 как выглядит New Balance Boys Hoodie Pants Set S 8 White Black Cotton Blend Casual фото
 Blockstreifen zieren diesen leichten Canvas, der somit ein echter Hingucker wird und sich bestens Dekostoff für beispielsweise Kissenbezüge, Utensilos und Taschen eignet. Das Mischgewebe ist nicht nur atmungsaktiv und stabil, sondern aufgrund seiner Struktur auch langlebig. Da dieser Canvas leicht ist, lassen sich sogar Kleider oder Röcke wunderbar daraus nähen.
...
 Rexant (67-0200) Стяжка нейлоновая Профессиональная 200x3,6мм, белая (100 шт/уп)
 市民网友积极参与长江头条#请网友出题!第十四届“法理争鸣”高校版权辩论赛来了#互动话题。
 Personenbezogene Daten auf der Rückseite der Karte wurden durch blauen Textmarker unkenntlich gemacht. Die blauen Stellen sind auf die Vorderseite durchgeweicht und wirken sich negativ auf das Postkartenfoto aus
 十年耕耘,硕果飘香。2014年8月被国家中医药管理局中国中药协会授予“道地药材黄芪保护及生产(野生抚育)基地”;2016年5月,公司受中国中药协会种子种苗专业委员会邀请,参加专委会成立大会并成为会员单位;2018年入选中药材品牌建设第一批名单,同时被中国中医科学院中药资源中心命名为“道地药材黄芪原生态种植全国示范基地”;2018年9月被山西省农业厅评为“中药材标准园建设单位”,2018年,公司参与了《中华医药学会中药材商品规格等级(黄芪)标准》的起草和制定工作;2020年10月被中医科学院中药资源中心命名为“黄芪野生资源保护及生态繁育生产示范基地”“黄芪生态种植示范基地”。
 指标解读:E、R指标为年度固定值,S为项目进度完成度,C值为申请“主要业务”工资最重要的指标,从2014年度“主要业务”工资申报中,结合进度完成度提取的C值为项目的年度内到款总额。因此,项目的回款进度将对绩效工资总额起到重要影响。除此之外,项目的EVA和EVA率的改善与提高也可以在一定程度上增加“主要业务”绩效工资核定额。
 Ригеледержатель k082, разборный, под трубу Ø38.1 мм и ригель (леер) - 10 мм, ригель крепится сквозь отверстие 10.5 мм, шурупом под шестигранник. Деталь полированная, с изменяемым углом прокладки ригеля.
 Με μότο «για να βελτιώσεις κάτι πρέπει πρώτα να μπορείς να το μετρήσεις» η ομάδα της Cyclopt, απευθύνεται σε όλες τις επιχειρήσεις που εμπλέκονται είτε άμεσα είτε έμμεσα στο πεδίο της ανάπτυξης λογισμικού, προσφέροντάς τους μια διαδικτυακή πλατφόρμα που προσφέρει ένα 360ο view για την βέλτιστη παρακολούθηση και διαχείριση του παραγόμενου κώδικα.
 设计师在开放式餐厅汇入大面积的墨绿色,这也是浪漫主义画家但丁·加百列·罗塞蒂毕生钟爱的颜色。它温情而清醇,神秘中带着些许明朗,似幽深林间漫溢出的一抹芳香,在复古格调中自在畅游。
==
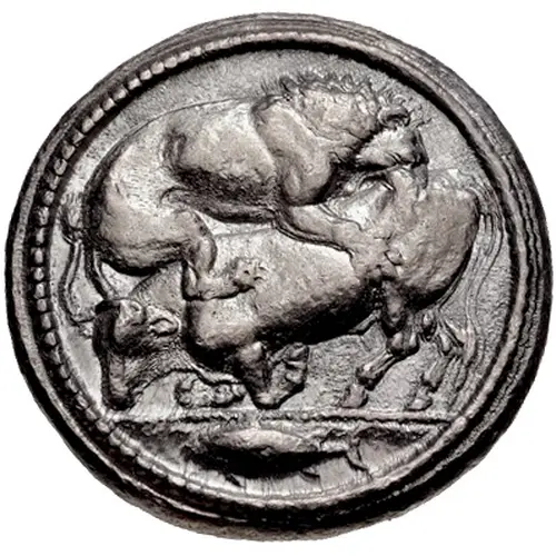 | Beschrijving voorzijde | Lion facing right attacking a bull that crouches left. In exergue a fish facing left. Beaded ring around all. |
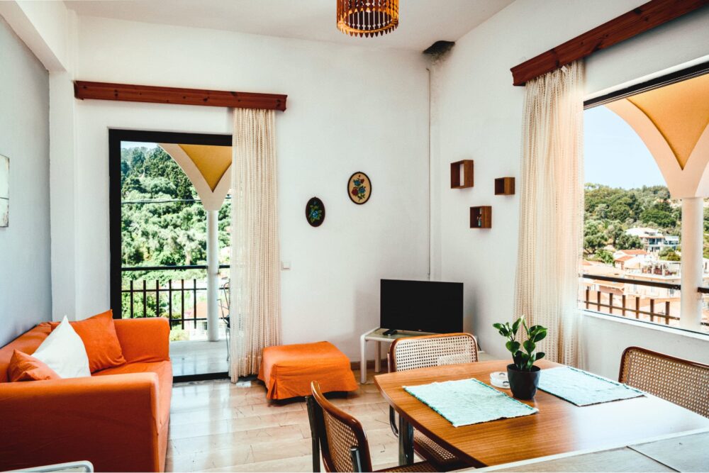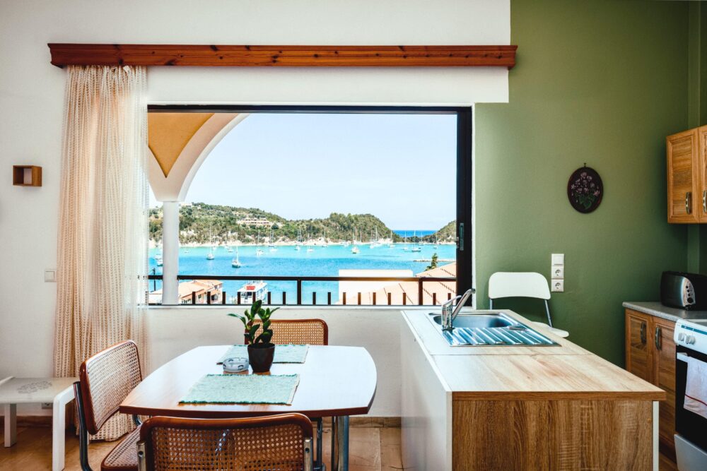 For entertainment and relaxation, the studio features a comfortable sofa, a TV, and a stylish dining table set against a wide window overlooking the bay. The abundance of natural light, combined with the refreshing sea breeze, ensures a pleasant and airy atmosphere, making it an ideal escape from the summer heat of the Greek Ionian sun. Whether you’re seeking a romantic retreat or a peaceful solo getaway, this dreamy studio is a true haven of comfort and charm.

> _WHAT THE EXERCISE ASKS_
Please make an exact copy of the lines above from the line with "市民网友积极参与长江头条#请" through the line with "Personenbezogene Daten auf", both ends included.

> _OUTPUT FOR THIS EXERCISE_
 市民网友积极参与长江头条#请网友出题!第十四届“法理争鸣”高校版权辩论赛来了#互动话题。
 Personenbezogene Daten auf der Rückseite der Karte wurden durch blauen Textmarker unkenntlich gemacht. Die blauen Stellen sind auf die Vorderseite durchgeweicht und wirken sich negativ auf das Postkartenfoto aus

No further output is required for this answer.